* Task goal: The whole listing below must be printed again exactly, images excluded.

* Data below:

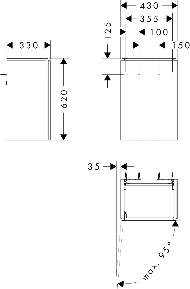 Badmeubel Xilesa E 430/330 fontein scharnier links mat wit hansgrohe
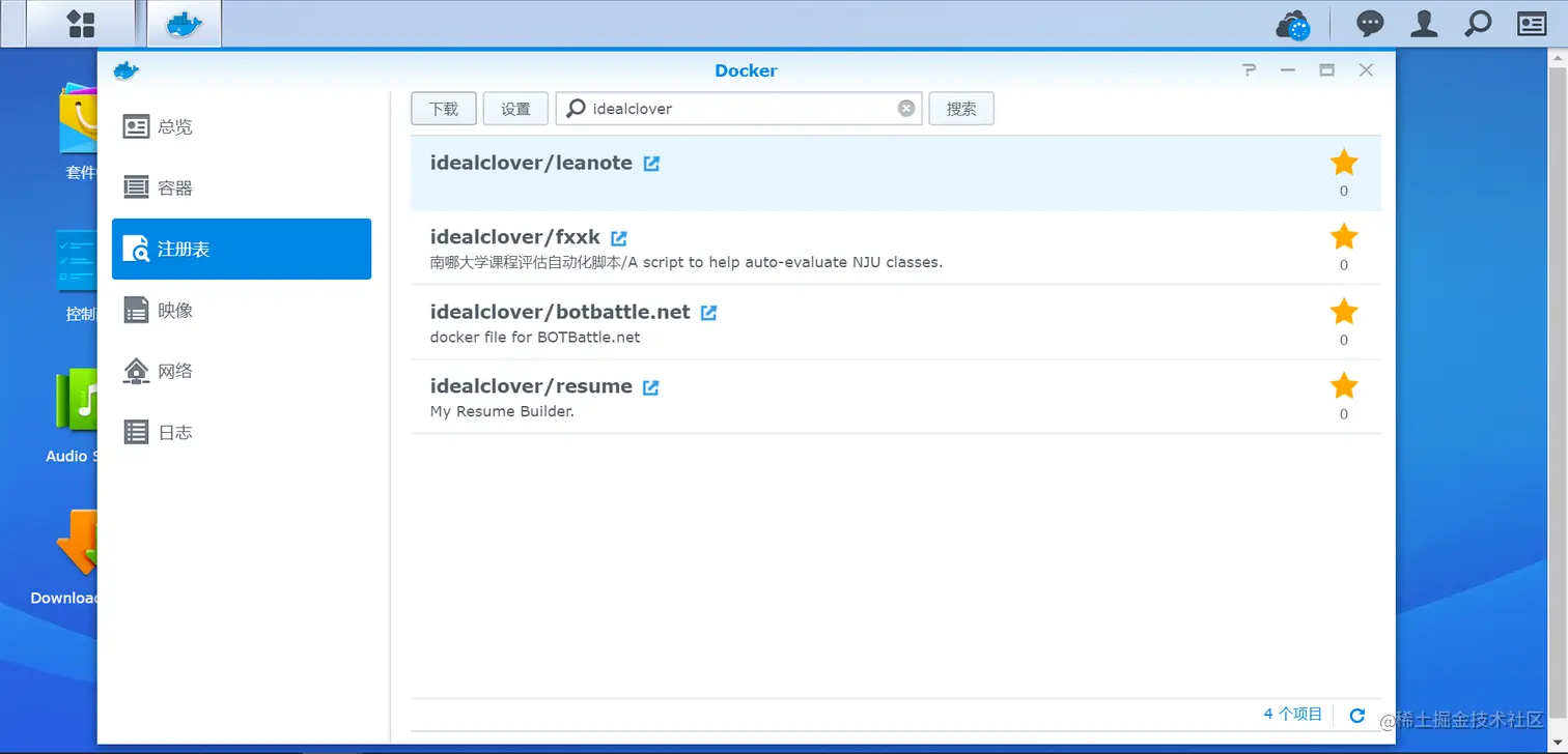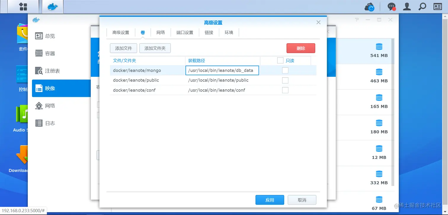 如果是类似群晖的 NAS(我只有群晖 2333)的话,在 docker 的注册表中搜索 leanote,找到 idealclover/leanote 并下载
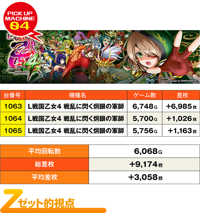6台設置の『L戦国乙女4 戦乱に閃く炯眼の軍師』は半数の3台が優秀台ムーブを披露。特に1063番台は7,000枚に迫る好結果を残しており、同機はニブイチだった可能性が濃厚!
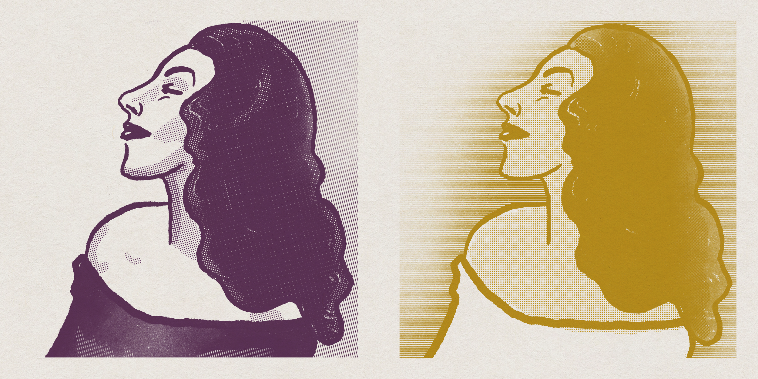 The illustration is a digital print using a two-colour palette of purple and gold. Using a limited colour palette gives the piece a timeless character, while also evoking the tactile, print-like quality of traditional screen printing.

* Answer to this problem:
 Badmeubel Xilesa E 430/330 fontein scharnier links mat wit hansgrohe
 如果是类似群晖的 NAS(我只有群晖 2333)的话,在 docker 的注册表中搜索 leanote,找到 idealclover/leanote 并下载
6台設置の『L戦国乙女4 戦乱に閃く炯眼の軍師』は半数の3台が優秀台ムーブを披露。特に1063番台は7,000枚に迫る好結果を残しており、同機はニブイチだった可能性が濃厚!
 The illustration is a digital print using a two-colour palette of purple and gold. Using a limited colour palette gives the piece a timeless character, while also evoking the tactile, print-like quality of traditional screen printing.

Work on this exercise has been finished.